09 November 2016

Like many Irish people, and people all around the world, I went to bed last night feeling apprehensive, and woke up to realise that a nightmare had become a reality.

A man who has, at every opportunity, sought to demean and belittle whole swathes of his society, has become the leader of the largest free nation in the world. That’s a sobering reality.

Most of us got involved in politics because at a really basic level, we wanted to do our bit to make the world a better place; to improve the lives of our people. In doing so, we have a duty to set high standards, and to hold ourselves to them; to imagine a better world, and to persuade people that our imaginings can be brought to life.

There isn’t a politician who hasn’t occasionally failed in that endeavour. We are human, and we err. But time and again, we try to be better. And sometimes we succeed.

The trying is most of the battle. But our occasional successes can lift a people, and renew their faith in democracy.
What we saw last night was in a different vein entirely.

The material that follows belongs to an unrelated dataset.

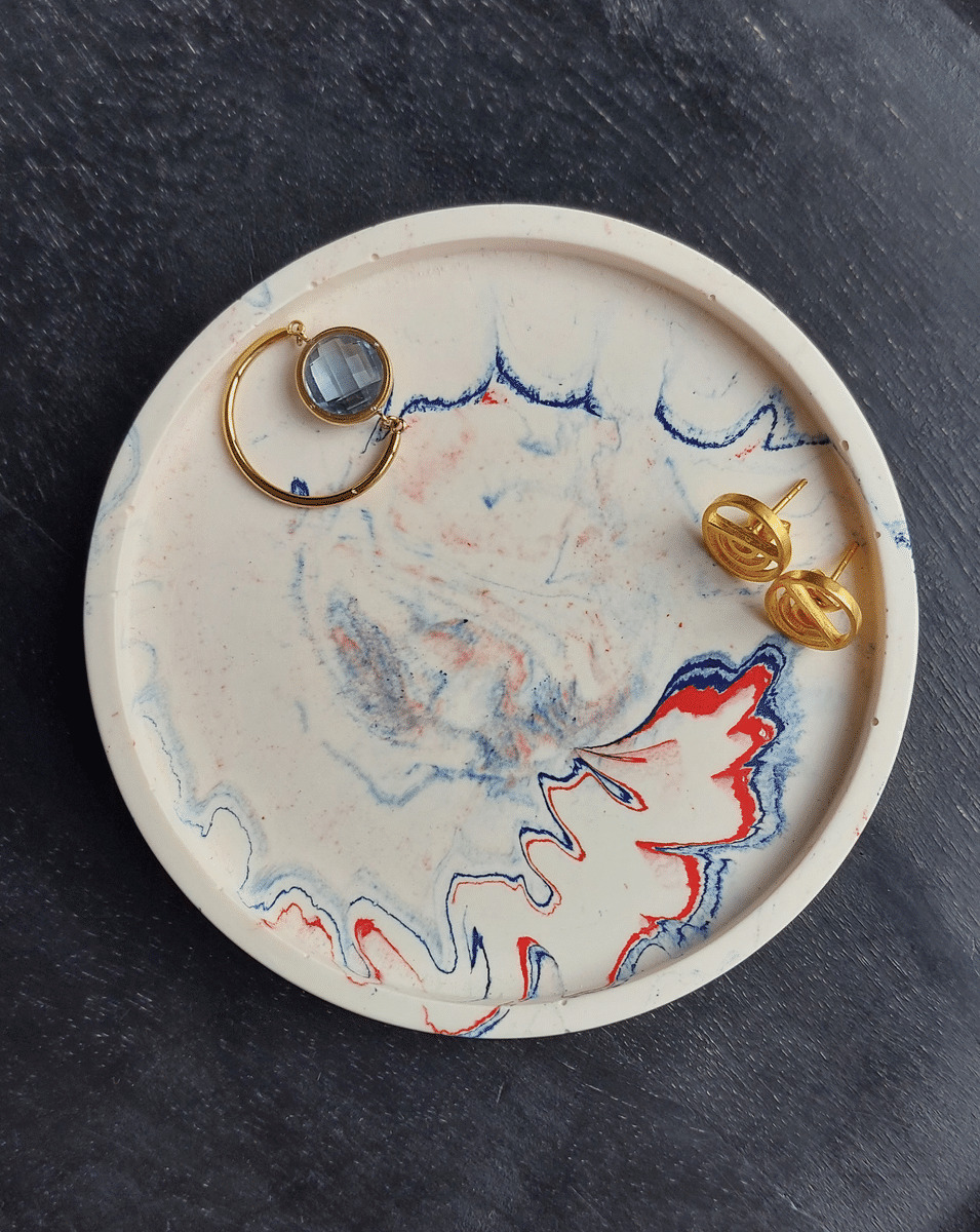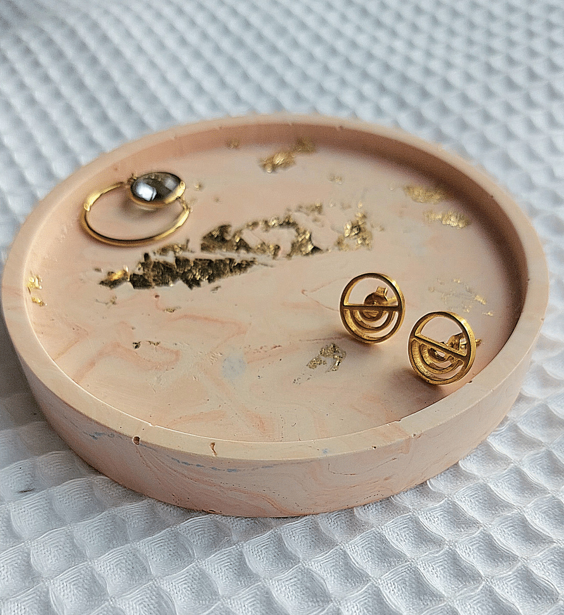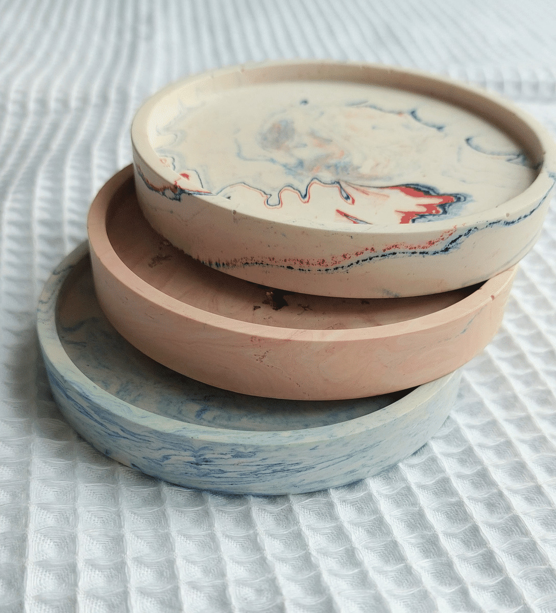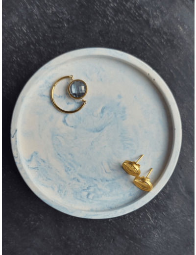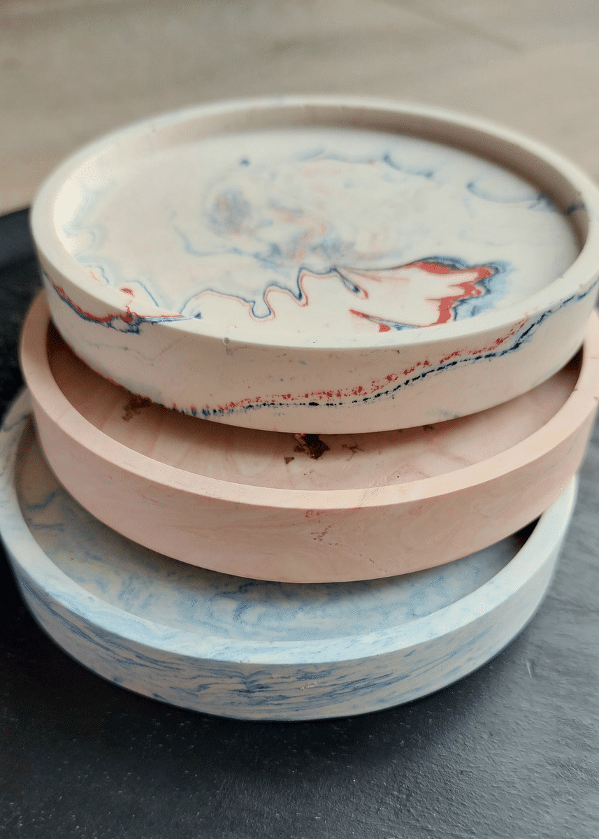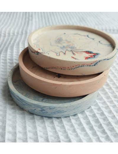Qu’est-ce que la Jesmonite ? C’est un mélange de gypse (pierre à plâtre) et d’acrylique. Ce mélange est souvent utilisé pour les décors de film et théâtre. Solide, durable, léger, non toxique et respectueux de l’environnement. Chaque objet est protégé par un imperméabilisant incolore.

President-elect Trump never once sought to be the best possible version of himself. Over the last year and more, he sought out every possible fear and insecurity in the American people. And then he ruthlessly preyed upon them.

He brought political discourse to a new and shameful low-point. And along the way, he picked almost every marginalised group, and targeted them with hate-filled rhetoric.

And this is all the more tragic because the United States gave the world the very idea of a Bill of Rights, and has long presented itself as the land of the free and the brave.

There’s an old adage that people campaign in poetry, and govern in prose. In his poetry, President-elect Trump always sought to go low. In his prose we can only hope that he occasionally reaches high.

That said, as a democrat, I must and do respect the decision of the American people. They have voted for a man they believe will change things, and they have voted to say they are unhappy with the status quo. Across the western world, we need to reflect on that message.

But as President Putin congratulates President-elect Trump, and as Nigel Farage and Marine le Pen look forward to meeting with him, we truly have cause to be concerned.

We commemorated a century of our proud history during the course of this year. But today, we have to wonder how much of our history we in the western world have managed to forget.

Far-right forces, building on support from disaffected working class communities, are once more growing and targeting bile at vulnerable minorities. How quickly we forget.

Today, those of us who reject such an approach to politics must turn to our task with renewed determination.

We must fight to rebuild the basic social contract, allowing each generation to know that progress will mean their lives will be better than those of their parents, and that the same will be true in turn for their children.

We must fight against segregation within our schools, or the ghettoization of vulnerable communities – we must do these things because we need to once more live with our neighbours and know them.

We can no longer allow an underclass to develop across society – a group who feel that society is failing them, and as a result feel no loyalty to that society.

This is a real and substantial challenge to democrats and progressives the world over. But it is a challenge we must take on.